I continue to find myself thinking about and referencing Quiet, even though years have passed since I read the book, so I wanted to share its value with those of you who have not had the pleasure of reading it yet.
What Is In the Book
Quiet explores many aspects of introversion and extroversion from scientific, historic, cultural and social standpoints. Cain discusses:
- Both introversion and extroversion, explaining that one is not better than the other, but rather different.
- The difference between introversion and shyness, helping to dispel the myth that all introverts are shy.
- Famous introverts and how they harnessed their “power” as introverts to become successful.
- The science and history behind introversion.
- Other traits associated with introversion.
- The cultural context of how introversion and extroversion are viewed.
- How we deal with these traits.
- To what these traits translate.
The book is not trying to prove that introverts are better. Instead, it discusses that introversion is valuable – that introverts and extroverts each bring important dynamics that are valuable together – but that right now introverts are being squelched, so she is speaking up for them.
Why I Recommend It, Even for Extroverts
I highly recommend this book to introverts as well as extroverts who love and/or work with introverts. This book is a great one for parents of gifted children who are introverts, which is a great many of you. It is also good for teachers, who are charged with shaping young minds in an environment most often suited for extroverts.
Cain is extremely informative about the science and history behind her arguments while still keeping the tone of the book fairly conversational most of the time. Cain references a great deal of academic research that helps lend credibility to her perspective but often relies on stories to truly illustrate her points. I know she’s credible because she proves she’s done her research, and I understand her points easily because she makes them human and relatable. This is a difficult balance to strike, but Cain does it extremely well.
Additionally, you can put as little or as much thought into this book as you want. You can simply read what Cain writes and get a fairly good understanding of introversion. If you want to learn more, Cain references many studies throughout the book that you can explore. You might also use the book as a jumping off point for a great deal of inner reflection, which is what I did a great deal; I thought quite a bit about how I do or don’t fit into the picture Cain paints of introverts, resulting in a lot of underlining and notes in the margins.
The book is primarily written for introverts – to empower them to be themselves, to help them learn about themselves, and to teach them how introversion, a trait not traditionally embraced in our culture, can be used positively in many situations.

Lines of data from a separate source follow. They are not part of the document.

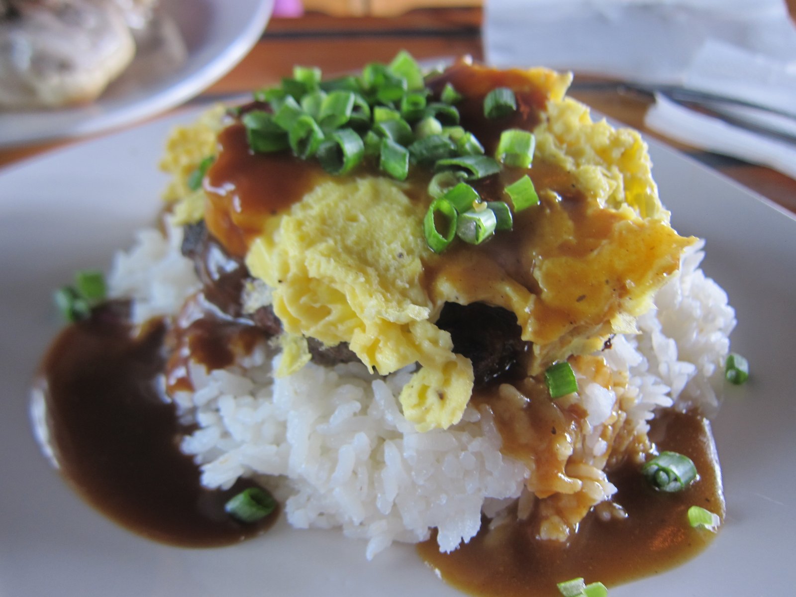 Which brings us to the loco moco. I originally ordered it with straight up and traditional beef brown gravy, but Dennis talked us into getting it "half-and-half" with half beef gravy, the other half Japanese Curry. At first I was kind of doubtful, but hey after having the Kaloko Moco who am I to criticize?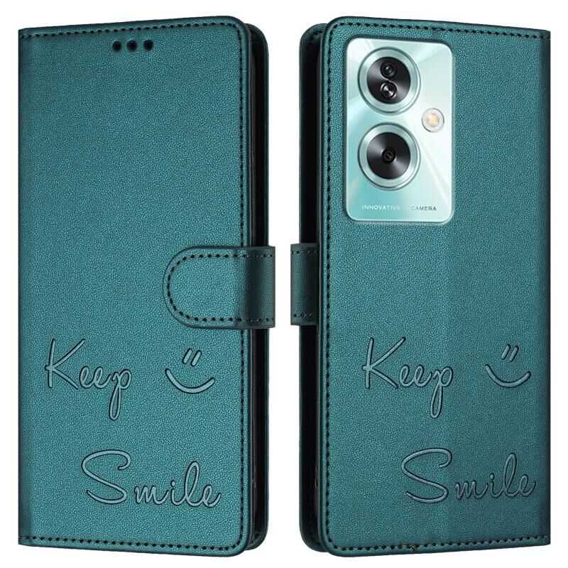 Για OnePlus Nord N30 SE Χαμόγελο ανάγλυφο RFID δερμάτινη θήκη τηλεφώνου (Peacock Green)
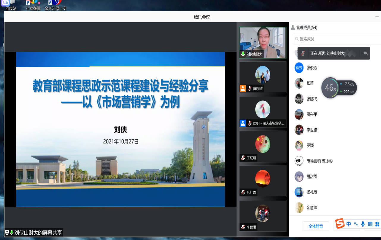 10月27日晚上,学院第三场课程思政培训会通过线上形式顺利举行。会议邀请教育部课程思政示范课程《市场营销学》骨干成员,山东财经大学的刘侠副教授做了题为“教育部课程思政示范课程建设与经验分享——以《市场营销学》为例”的辅导报告。各系部主任及教师参会。培训会由副院长王鸾凤主持。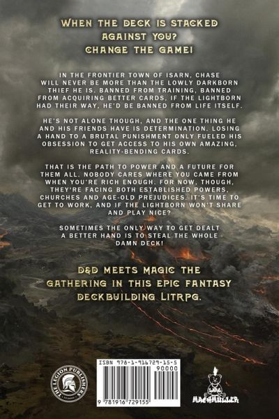 When the deck is stacked against you? Change the game! In the frontier town of Isarn, Chase will never be more than the lowly Darkborn thief he is. Banned from training, banned from acquiring better cards, if the Lightborn had their way, he'd be banned from life itself. He's not alone though, and the one thing he and his friends have is determination. Losing a hand to a brutal punishment only fueled his obsession to get access to his own amazing, reality-bending cards. That is the path to power and a future for them all. Nobody cares where you came from when you're rich enough. For now, though, they're facing both established powers, churches and age-old prejudices. It's time to get to work, and if the Lightborn won't share and play nice? Sometimes the only way to get dealt a better hand is to steal the whole damn deck! D&D meets Magic the Gathering in this epic fantasy deckbuilding LitRPG.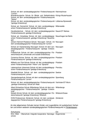 Schule mit dem sonderpädagogischen Förderschwerpunkt Kleinmachnow "Lernen" Brandenburgische Schule für Blinde und Sehbehinderte Königs Wusterhausen Schule mit dem sonderpädagogischen Förderschwerpunkt "Sehen" Schule mit dem sonderpädagogischen Förderschwerpunkt Lübbenau/Spreewald "geistige Entwicklung" Schule am Sonnenhof Schule mit dem sonderpädagogi- Mittenwalde schen Förderschwerpunkt "geistige Entwicklung" Havellandschule - Schule mit dem sonderpädagogischen Nauen/OT Markee Förderschwerpunkt „geistige Entwicklung“ Schule am Amselsteg Schule mit dem sonderpädagogi- Neuenhagen bei Berlin schen Förderschwerpunkt „geistige Entwicklung“ Neuenha- gen Johann-Heinrich-Pestalozzi-Schule Neuruppin Schule mit Neuruppin dem sonderpädagogischen Förderschwerpunkt "Lernen" Schule am Kastaniensteg Neuruppin Schule mit dem son- Neuruppin derpädagogischen Förderschwerpunkt "geistige Entwick- lung" Fröbelschule Schule mit dem sonderpädagogischen För- Potsdam derschwerpunkt „emotionale und soziale Entwicklung“ Comenius-Schule Schule mit dem sonderpädagogischen Potsdam Förderschwerpunkt "geistige Entwicklung" Wilhelm-von-Türk-Schule Schule mit den sonderpädagogi- Potsdam schen Förderschwerpunkten "Hören" und "Sprache" Lebensschule Uckermark Schule mit dem sonderpädagogi- Prenzlau schen Förderschwerpunkt "geistige Entwicklung" Kleeblatt-Schule Schule mit dem sonderpädagogischen Seelow Förderschwerpunkt „Lernen“ Georgenbergschule Schule mit dem sonderpädagogischen Spremberg Förderschwerpunkt "Lernen" Schule mit dem sonderpädagogischen Förderschwerpunkt Vierlinden/OT Worin „geistige Entwicklung“ Schule am Wald Albert-Schweitzer-Schule Wittenberge Schule mit dem son- Wittenberge derpädagogischen Förderschwerpunkt "geistige Entwick- lung" Mosaik-Schule Schule mit dem sonderpädagogischen För- Wittstock/Dosse derschwerpunkt "geistige Entwicklung" Wittstock EXIN-Förderschule Zehdenick Schule mit dem sonderpä- Zehdenick dagogischen Förderschwerpunkt "geistige Entwicklung" An drei allgemeinen Schulen lernen Kinder und Jugendliche mit autistischem Verhal- ten und einem weiteren sonderpädagogischen Förderschwerpunkt in Förderklassen. Schulname Ort Ehm Welk - Oberschule integrativ-kooperative Ganztags- Angermünde schule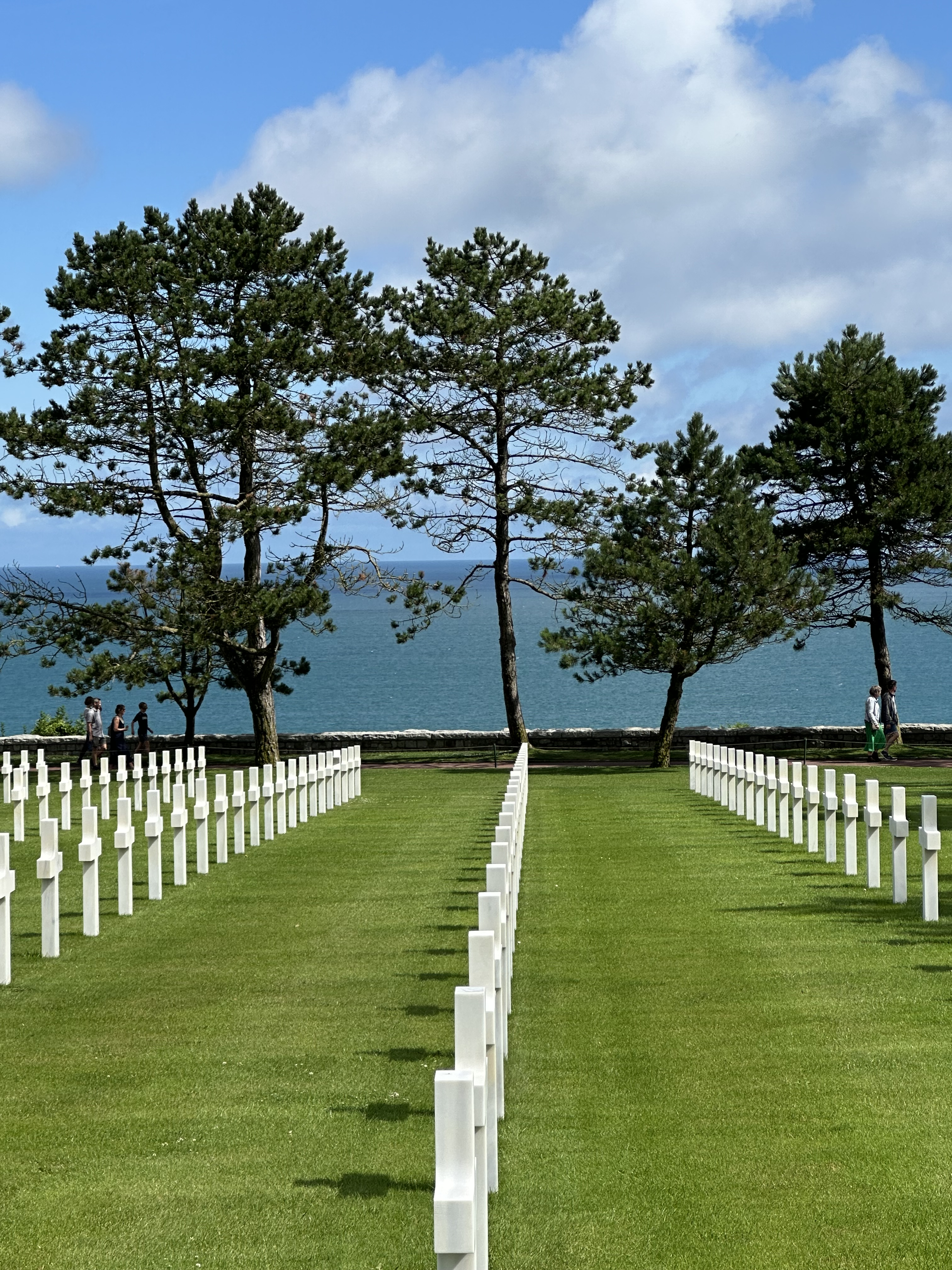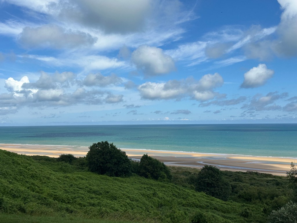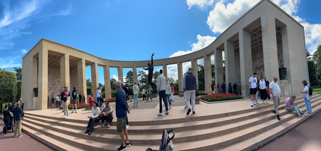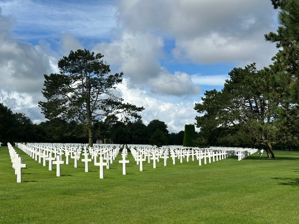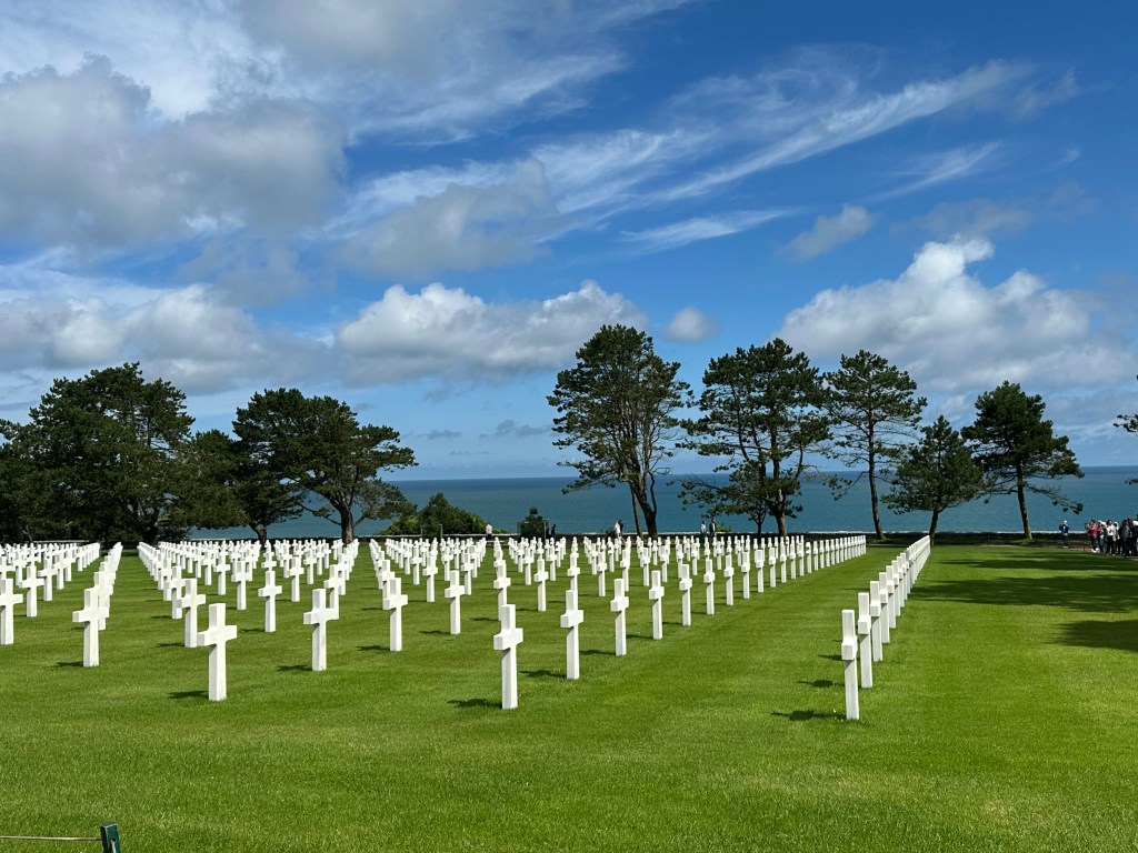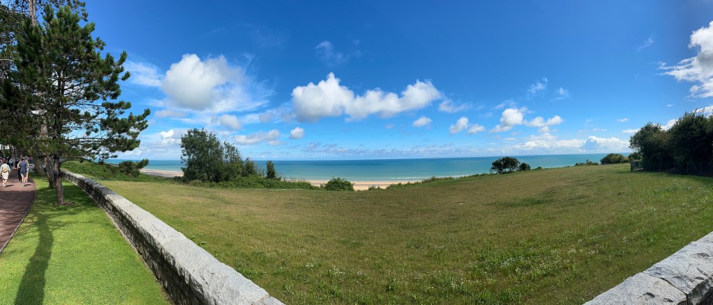 After a fascinating hour or so, we came towards the end of the museum and came to a corridor of photographs – people who had landed on D-Day and then come back to visit the area – the photograps were of these men from June 1944 – and then when they returned. Several of the photo frames had French Tricolour ribbons that revealed when they had passed away. It was to poignant to photograph – and seemed that these old boys had lost their youth in that battle. we left the museum and drove a few kilometers towards the sea for Omaha Beach and the American Military Cemetery.

However, as Cain points out, we do live in a society with an “Extrovert Ideal”. Clearly understanding the difference between introverts and extroverts as well as knowing what introverts can bring to the table is useful for everyone, regardless of where you fall on the introvert-extrovert spectrum. The book also addresses introvert-extrovert relationships, which makes the book valuable for those extroverts who have close relationships with introverts, including significant others, parents, children, and close friends.
It is so important for us to teach our kids that they should be themselves, but our culture values extroversion so highly that it is difficult for our introverts to understand the value of this trait. Let’s understand introversion and extroversion better so we can help our children embrace who they are and the strengths they bring to the table.